**What you are asked to do**:
Repeat every entry exactly. Do not include the pictures.

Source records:

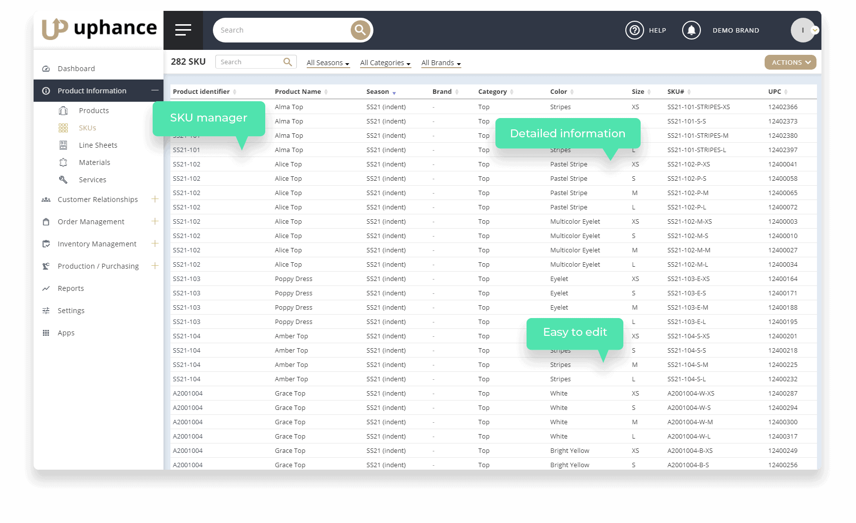 An Enterprise Resource Planning (ERP) software solution essentially covers all aspects of your business planning. This saves you the cost of subscribing to multiple inventory management and business planning solutions that could significantly add up. An ERP software solution typically opens you up to more advanced functionalities that ultimately enhance your operations and scale seamlessly. Uphance offers an ERP software dedicated to apparel businesses.
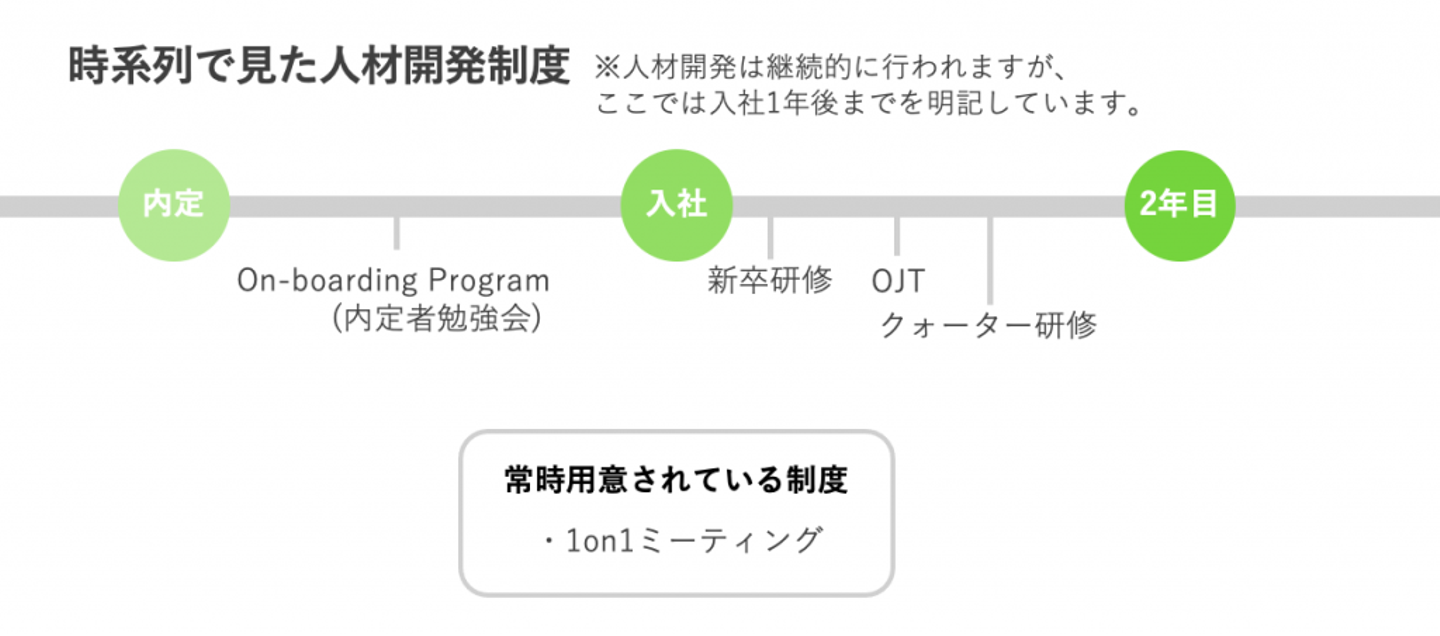 例えば、内定時から入社して一年目では以下のような人材開発制度が用意されています。
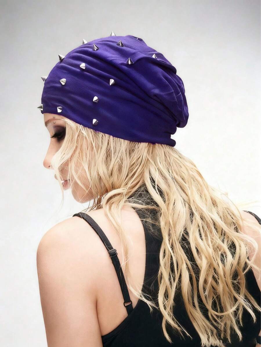 Grunge Punk 1 pieza Gorro estilo punk ligero decorado con remaches, gorro plegable sólido negro vintage de alta calidad de la era Y2K, uso diario de moda para todas las estaciones
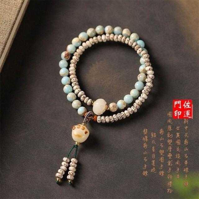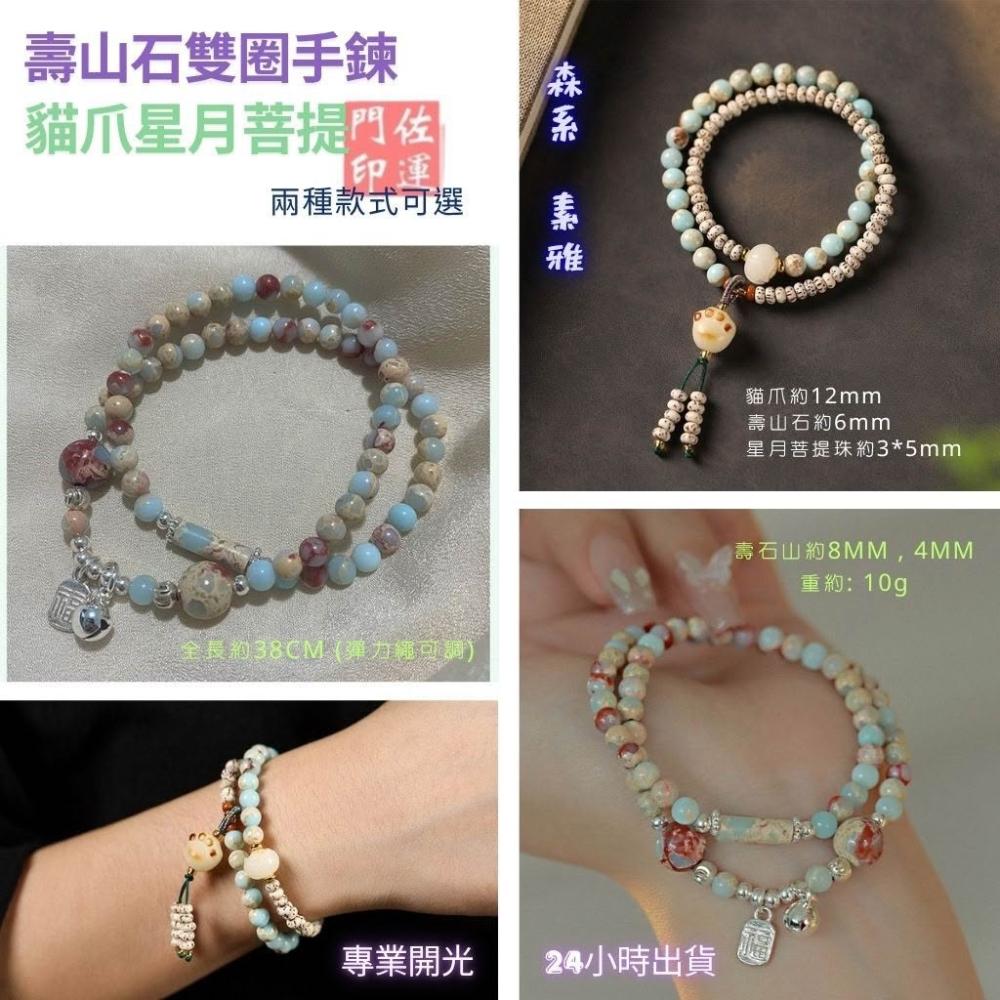 佐運門 專業開光 招財 貓爪星月菩提 壽山石雙圈手鍊 文玩手串 盤纏壽山石 盤纏手鍊 壽山石 串珠手串 文玩手串 貓爪
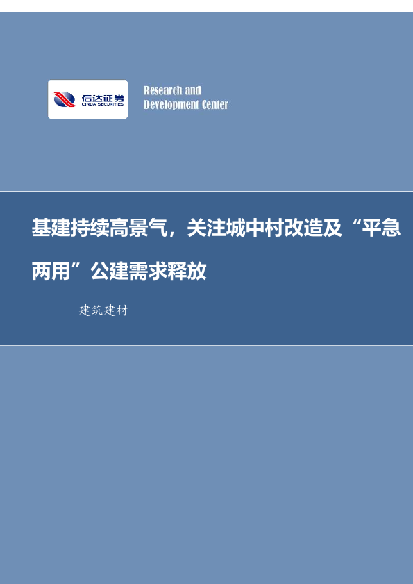 【信达证券】【20230503】建筑建材行业周报:基建持续高景气,关注城中村改造及“平急两用”公建需求释放-31页
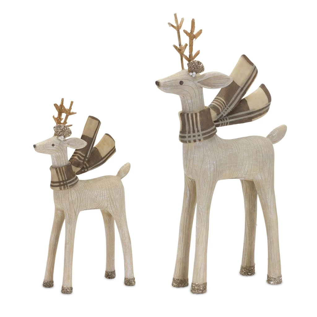 Add a modern touch of nature to your holiday dΓ©cor with this beautiful set of deer figurines. Featuring two assorted designs, the whitewashed finish paired with the cute scarf accent is the perfect combination to create a stunning Christmas display. The quality polyresin composition is sure to last for seasons to come. Display the pieces together to make a statement, or display them alongside your other holiday dΓ©cor to add character to the space.
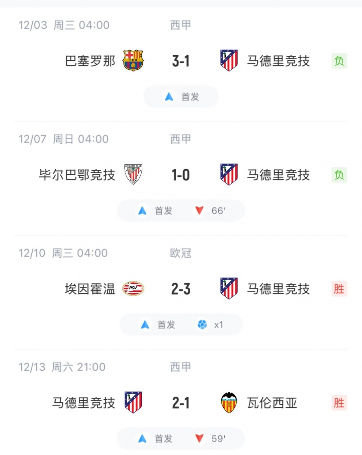 12月13日讯 西甲第16轮,马竞2-1瓦伦西亚,本场过后,小蜘蛛阿尔瓦雷斯连续六轮西甲未破门,本场第60分钟被格列兹曼换下。
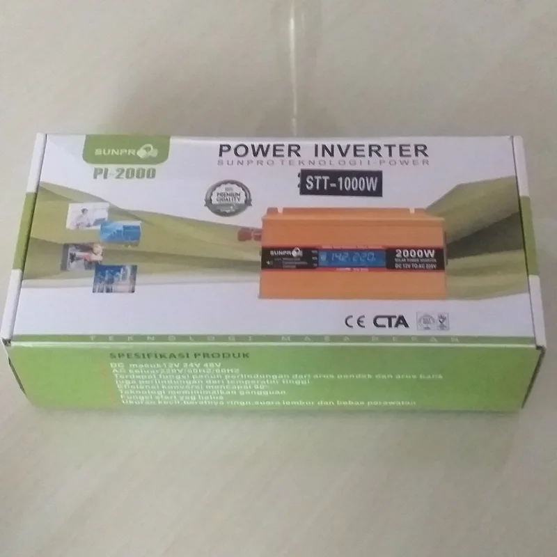 مبدل برق خودرو 1000 وات برند سان پرو sunpro محصول چین برای تبدیل ولتاژ 12 ولت خودرو به برق شهر 220 ولت با فرکانس 50 هرتز میباشد. قابلیت تامین 2000 وات به صورت لحظهای و تامین 1000 وات در حالت استفاده دایمی. طراحی منحصر به فرد با بدنه فلزی و فن اتوماتیک توربو برای بهبود خنکسازی و افزایش راندمان،مجهز به ۲نمایشگر ولتاژ ورودی و خروجی، مجهز به کابل ارتباطی باتری، مجهز به 4 پورت USB مناسب هر دستگاه،دارای ۳ پریز برق خروجی مجهز به انواع حفاظتها شامل خفاظت اضافه بار، اتصال کوتاه، اضافه حرارت ، ولتاژ بالا و ولتاژ پایین باتری. مناسب برای سیستمهای روشنایی با هر نوع لامپ، سیستمهای گرمایشی، اتو، پنکه، ابزارآلات صنعتی، تلویزیونهای LCD و LED ، لپتاپ، رایانه شخصی، موبایل و تبلت.
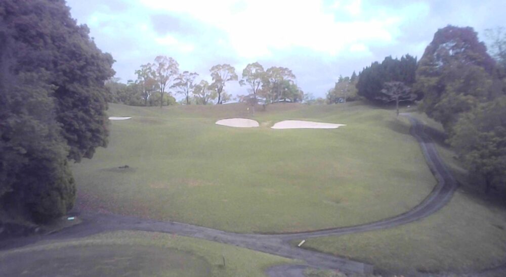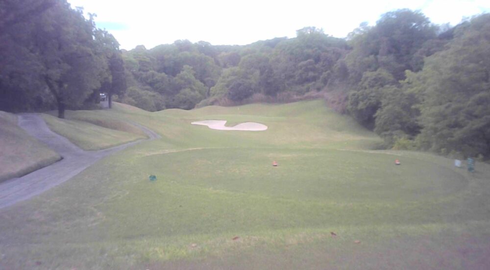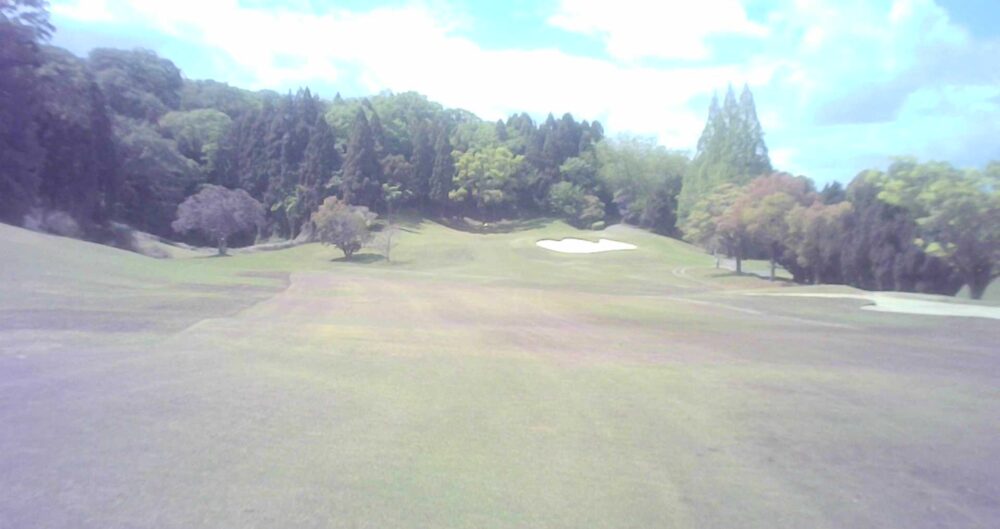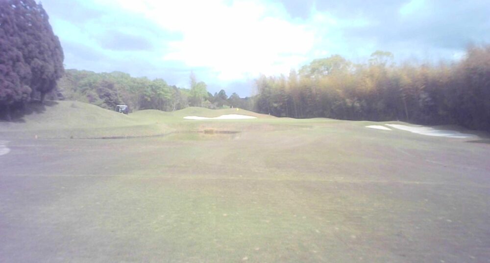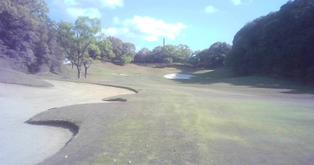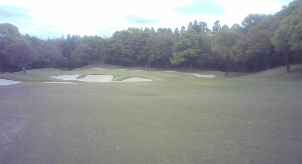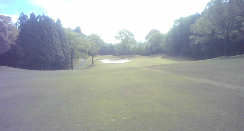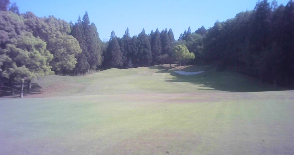 第1打は左バンカーの右サイドねらい。第2打以降は右狙い。杉の木を越えた残り150ヤード付近の右サイドにフラットなポジションがある。前方の谷に入った場合、グリーン付近のドロップエリアから1ペナでプレーを続行することが出来る。
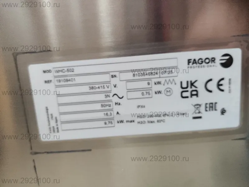 Описание Машина посудомоечная FAGOR WHC-502 D купольнаяУцененный товар Купольная посудомоечная машина для быстрой поточной мойки тарелок, стаканов и мелкой посуды при высокой загрузке. - Производительность: до 40 кассет/ч - Размер кассеты: 500×500 мм - Количество циклов: 4, 90–480 сек - Расход воды за цикл: 2,2 л - Температура мойки / ополаскивания: 60 / 85 °C - Объём бойлера: 9 л - Подключение: горячая и холодная вода - Управление: электромеханическое, встроенные дозаторы моющего и ополаскивающего средств - Комплектация: корзина для стаканов, корзина для тарелок, корзина для столовых приборов Страна производства: Испания Характеристики Машина посудомоечная FAGOR WHC-502 D купольная

**Exercise output**:
 An Enterprise Resource Planning (ERP) software solution essentially covers all aspects of your business planning. This saves you the cost of subscribing to multiple inventory management and business planning solutions that could significantly add up. An ERP software solution typically opens you up to more advanced functionalities that ultimately enhance your operations and scale seamlessly. Uphance offers an ERP software dedicated to apparel businesses.
 例えば、内定時から入社して一年目では以下のような人材開発制度が用意されています。
 Grunge Punk 1 pieza Gorro estilo punk ligero decorado con remaches, gorro plegable sólido negro vintage de alta calidad de la era Y2K, uso diario de moda para todas las estaciones
 佐運門 專業開光 招財 貓爪星月菩提 壽山石雙圈手鍊 文玩手串 盤纏壽山石 盤纏手鍊 壽山石 串珠手串 文玩手串 貓爪
 【信达证券】【20230503】建筑建材行业周报:基建持续高景气,关注城中村改造及“平急两用”公建需求释放-31页
 Add a modern touch of nature to your holiday dΓ©cor with this beautiful set of deer figurines. Featuring two assorted designs, the whitewashed finish paired with the cute scarf accent is the perfect combination to create a stunning Christmas display. The quality polyresin composition is sure to last for seasons to come. Display the pieces together to make a statement, or display them alongside your other holiday dΓ©cor to add character to the space.
 12月13日讯 西甲第16轮,马竞2-1瓦伦西亚,本场过后,小蜘蛛阿尔瓦雷斯连续六轮西甲未破门,本场第60分钟被格列兹曼换下。
 مبدل برق خودرو 1000 وات برند سان پرو sunpro محصول چین برای تبدیل ولتاژ 12 ولت خودرو به برق شهر 220 ولت با فرکانس 50 هرتز میباشد. قابلیت تامین 2000 وات به صورت لحظهای و تامین 1000 وات در حالت استفاده دایمی. طراحی منحصر به فرد با بدنه فلزی و فن اتوماتیک توربو برای بهبود خنکسازی و افزایش راندمان،مجهز به ۲نمایشگر ولتاژ ورودی و خروجی، مجهز به کابل ارتباطی باتری، مجهز به 4 پورت USB مناسب هر دستگاه،دارای ۳ پریز برق خروجی مجهز به انواع حفاظتها شامل خفاظت اضافه بار، اتصال کوتاه، اضافه حرارت ، ولتاژ بالا و ولتاژ پایین باتری. مناسب برای سیستمهای روشنایی با هر نوع لامپ، سیستمهای گرمایشی، اتو، پنکه، ابزارآلات صنعتی، تلویزیونهای LCD و LED ، لپتاپ، رایانه شخصی، موبایل و تبلت.
 第1打は左バンカーの右サイドねらい。第2打以降は右狙い。杉の木を越えた残り150ヤード付近の右サイドにフラットなポジションがある。前方の谷に入った場合、グリーン付近のドロップエリアから1ペナでプレーを続行することが出来る。
 Описание Машина посудомоечная FAGOR WHC-502 D купольнаяУцененный товар Купольная посудомоечная машина для быстрой поточной мойки тарелок, стаканов и мелкой посуды при высокой загрузке. - Производительность: до 40 кассет/ч - Размер кассеты: 500×500 мм - Количество циклов: 4, 90–480 сек - Расход воды за цикл: 2,2 л - Температура мойки / ополаскивания: 60 / 85 °C - Объём бойлера: 9 л - Подключение: горячая и холодная вода - Управление: электромеханическое, встроенные дозаторы моющего и ополаскивающего средств - Комплектация: корзина для стаканов, корзина для тарелок, корзина для столовых приборов Страна производства: Испания Характеристики Машина посудомоечная FAGOR WHC-502 D купольная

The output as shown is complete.